Alban Berg did not live to complete Lulu, leaving its final act partially scored but mostly composed. This performance is of the now well accepted completion by Friedrich Cerha. Cerha had a fair copy of the short score to guide him, plus the full score of 390 (out of 1326) bars of Act 3 along with sketches and other material. What he has achieved is as full a realization of Berg's intentions as is possible. Since Pierre Boulez and Patrice Chéreau premiered this three Act completion in 1979 the old truncated two Act version has dropped out of the repertoire. The present production was first given at Salzburg in 2010 and according to the booklet essay - but not the box or listings - this film comes from the 2011 revival.
 
Music of the Second Viennese School is rarely easy to listen to. Serialism's creator Schoenberg has sometimes been labelled a great theorist rather than a great composer, a label that makes one pause to think. His two primary followers, Webern and Berg, took their own very different paths: Webern became the genius of the atonal musical epigram whilst Berg followed the pointers left by Mahler in his passionate and dramatic compositions of which his operas Wozzeck and Lulu are the theatrical high points.
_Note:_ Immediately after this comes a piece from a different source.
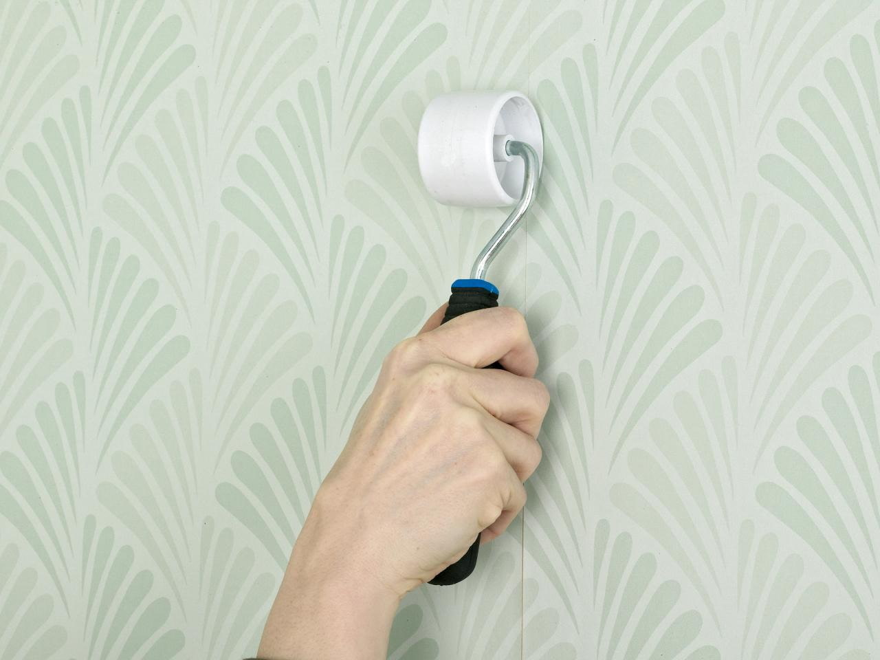 - Press carefully, level with a wallpaper spatula, removing creases, bubbles. If glue flows out, remove it with a rag.

Compared to Lulu, Wozzeck is easy listening. In the unlikely event of someone buying this disc unaware of what it contains, be warned it is strong meat for the ear as well as the eyes. There are occasions when the intensity is almost overwhelming. Lulu's outburst to freedom in Act 2 is one such. The Interlude between Act 1 Scenes 2 and 3 is another. Berg's music can hardly be called lyrical in the conventional sense but it always comes across as deeply felt. Lulu's sordid life and even more sordid death seem to matter.
 
The singing and acting of Patricia Petibon as Lulu is magnificent. She is that rare creature, a singer with the face and figure of a model, who manages to look utterly convincing as the femme fatale even when dressed in the most alluring lingerie - as she is during much of Act 1. One does not have to wonder why men fall under her spell and even die of it. She is matched by the superb singing of Tanja Ariane Baumgartner as the Countess Geschwitz, Michael Volle as Dr Schon, Thomas Piffka as Alwa and Franz Grundheber as Schigolch, not to mention the rest of a great cast. The stage director Vera Nemirov has daringly set almost the whole of Act 3 Scene 1 off the stage in the auditorium among the audience, in the aisles, on the edge of orchestra pit and only finally on the stage. Here we see the richest audience in Europe in the middle of a scene of fraudulent share dealing and general social corruption. It is to their credit (?) that they look only mildly shocked! This is a coup de théâtre for Nemirova and a challenge for Brian Large's cameramen and women. The sound and picture continue flawlessly wherever the peripatetic cast wander. There are oddities in the staging: Berg's Filmmusik in Act 2 plays without any film despite the clear film structure left by the composer, but at less than 3 minutes this does not matter much; the seduction scene at the end of Act 2 has Alwa ignoring both Lulu herself and Berg's libretto by spending his time feverishly writing up an orchestral score. Presumably we are supposed to see Alwa as Berg himself. Almost all of the staging and costuming is dedicated to the service of this music. It is not necessary to suspend one's disbelief as so often happens in current opera staging: here one is gripped from beginning to the disturbing and bloody end.
 
Dave Billinge  

A wonderful Lulu. Petibon is its true star in every respect. An outstanding disc.